Разум в последнее время совсем отбился от рук: стоит отвлечься – и уж не вспомнишь, чем была занята. Время от времени приходит Сесил, приносит бумаги на подпись, а она, видя перед собою горбуна Роберта, младшего сына Уильяма, то и дело удивляется. Не тот Сесил, не тот. Берли, старый, привычный Сесил, отошел в мир иной… сколько же тому лет?
Много, прискорбно много. Похоже, она пережила всех. И Берли, и Уолсингема, и Лестера. И старого своего врага, Филиппа Испанского. И даже Эссекса, казненного посреди Тауэр-Хилл – о, как же он страшно ошибся! Быть может, она и обошлась бы с ним иначе, но после того, как все было сказано и сделано, он ни за что не простил бы ее, старуху, слишком гордую, чтобы сдаться, слишком упрямую, чтоб умереть. Ей скоро сравняется семьдесят. Многие ли могут похвастать этаким почтенным возрастом?
Кое-кого припомнить бы можно, да только мысли поспешили отпрянуть прочь. Слишком уж болезненны, слишком горьки эти воспоминания, когда хвори да старческая немощь наконец-то берут свое.
– Но я ведь неплохо справилась, не так ли? – шепнула она языкам пламени. – Совсем неплохо. И не только благодаря ей.
Оглядываясь, она едва ли не всерьез ожидала увидеть во мраке высокую статную женщину, но позади не оказалось никого. Никого, кроме двух самых доверенных горничных, устало бдевших близ старой ворчуньи-королевы да время от времени безуспешно пытавшихся уговорить ее отправиться спать. Вспомнив о них, она поспешила отвести взгляд – не то увидят, и, чего доброго, снова затянут все ту же нескончаемую песнь.
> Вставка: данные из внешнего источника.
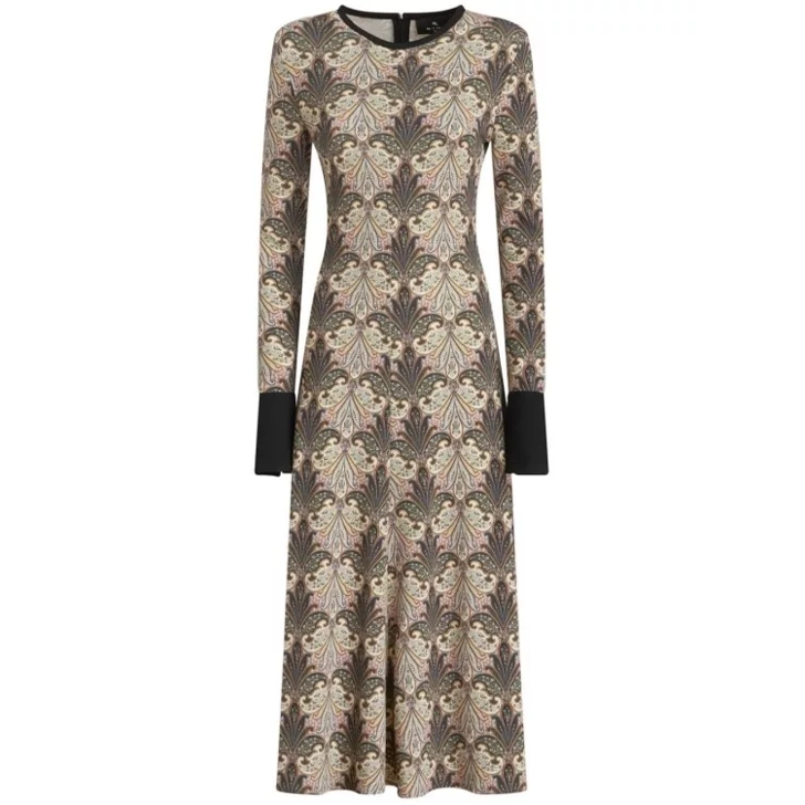 Etro Long Sleeved Midi Dress Multicolor Midi Jurken

Порой она готова была поверить, что все это, начиная от нежданной гостьи в Тауэре и далее, ей пригрезилось. Но нет, Инвидиана и все остальное – то были вовсе не грезы.
Как много печалей… Как много вопросов: чем бы все обернулось, не заключи она этого договора? Быть может, Армада благополучно достигла бы берегов Англии, огромное воинство герцога Пармского хлынуло бы на английскую землю, сметая все на своем пути да обрекая добрых англичан на жизнь под испанским ярмом? А может быть, отказавшись, она ни за что не взлетела бы столь высоко? Так бы и умерла там, в Тауэре, казненная за протестантскую ересь, или попросту брошенная медленно угасать от холода и сырости, как угасает сейчас. А на престол взошла бы Мария Стюарт, одна католичка Мэри вслед за другой.
А может, и нет. Прожила же она без Инвидианы, своими умом и волей, да с помощью верных слуг, целых тринадцать лет! Божией милостью королева Англии, любимица народа, она вполне могла устоять и сама.
– И устояла, – почти беззвучно прошептала она. – И королевой была вовсе не самой плохой.